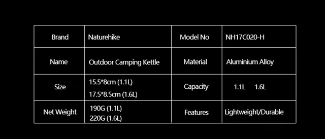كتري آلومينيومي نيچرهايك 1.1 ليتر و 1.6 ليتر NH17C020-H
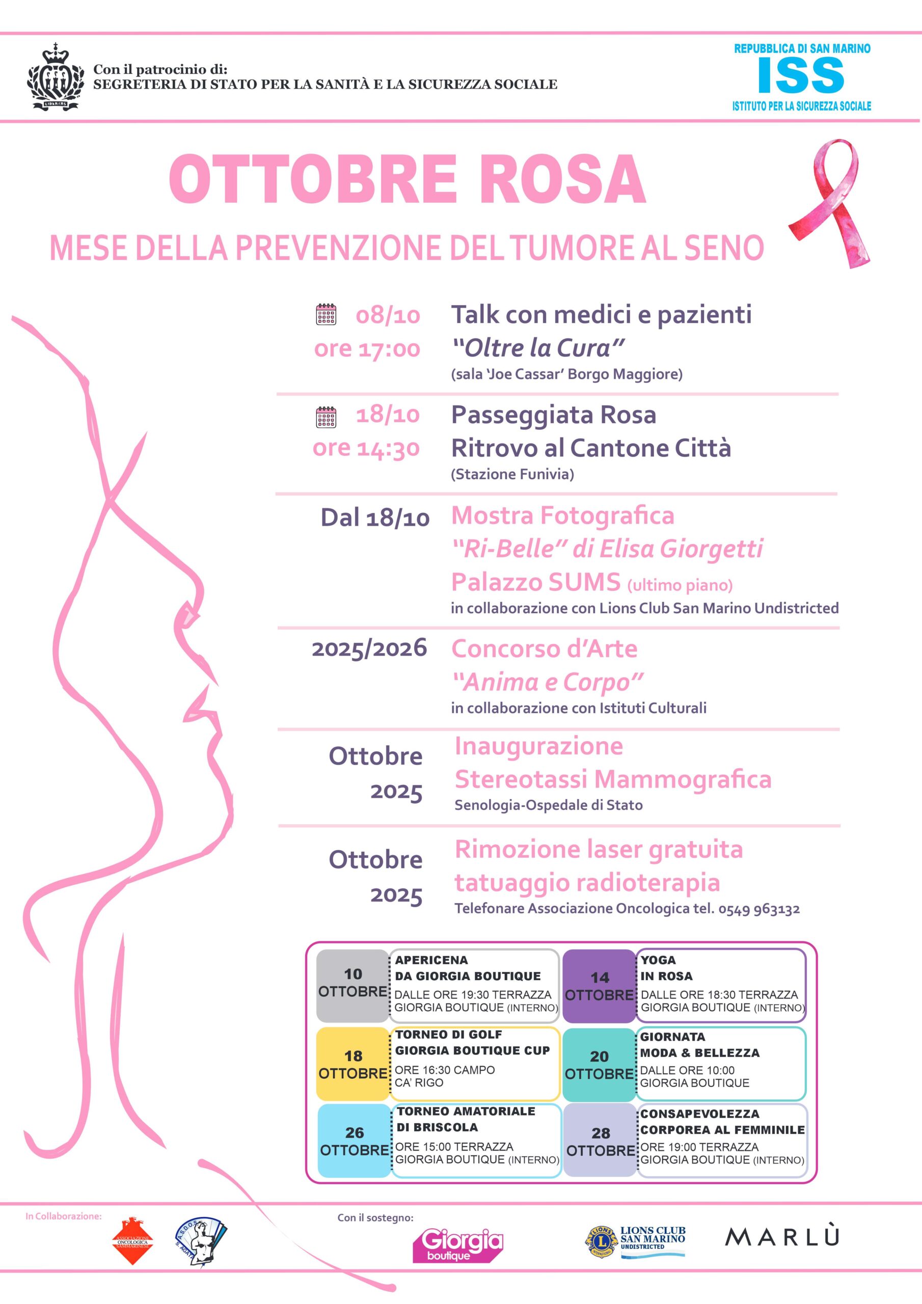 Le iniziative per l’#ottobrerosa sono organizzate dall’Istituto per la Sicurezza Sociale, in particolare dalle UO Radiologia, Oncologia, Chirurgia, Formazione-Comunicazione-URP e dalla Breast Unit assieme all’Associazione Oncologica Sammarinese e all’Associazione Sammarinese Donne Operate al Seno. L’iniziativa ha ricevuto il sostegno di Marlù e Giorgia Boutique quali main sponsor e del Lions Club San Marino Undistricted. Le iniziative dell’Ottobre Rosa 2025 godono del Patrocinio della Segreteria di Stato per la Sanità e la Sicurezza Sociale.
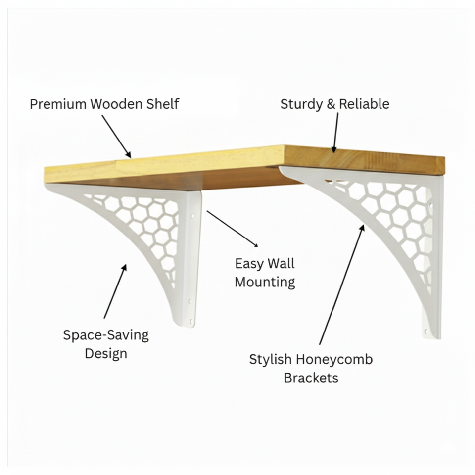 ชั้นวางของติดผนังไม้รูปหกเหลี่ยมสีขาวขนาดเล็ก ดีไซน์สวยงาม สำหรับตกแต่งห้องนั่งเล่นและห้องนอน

..............................

Exercise
The material above is to be set down exactly, with pictures removed.

Reply
كتري آلومينيومي نيچرهايك 1.1 ليتر و 1.6 ليتر NH17C020-H
 Le iniziative per l’#ottobrerosa sono organizzate dall’Istituto per la Sicurezza Sociale, in particolare dalle UO Radiologia, Oncologia, Chirurgia, Formazione-Comunicazione-URP e dalla Breast Unit assieme all’Associazione Oncologica Sammarinese e all’Associazione Sammarinese Donne Operate al Seno. L’iniziativa ha ricevuto il sostegno di Marlù e Giorgia Boutique quali main sponsor e del Lions Club San Marino Undistricted. Le iniziative dell’Ottobre Rosa 2025 godono del Patrocinio della Segreteria di Stato per la Sanità e la Sicurezza Sociale.
 ชั้นวางของติดผนังไม้รูปหกเหลี่ยมสีขาวขนาดเล็ก ดีไซน์สวยงาม สำหรับตกแต่งห้องนั่งเล่นและห้องนอน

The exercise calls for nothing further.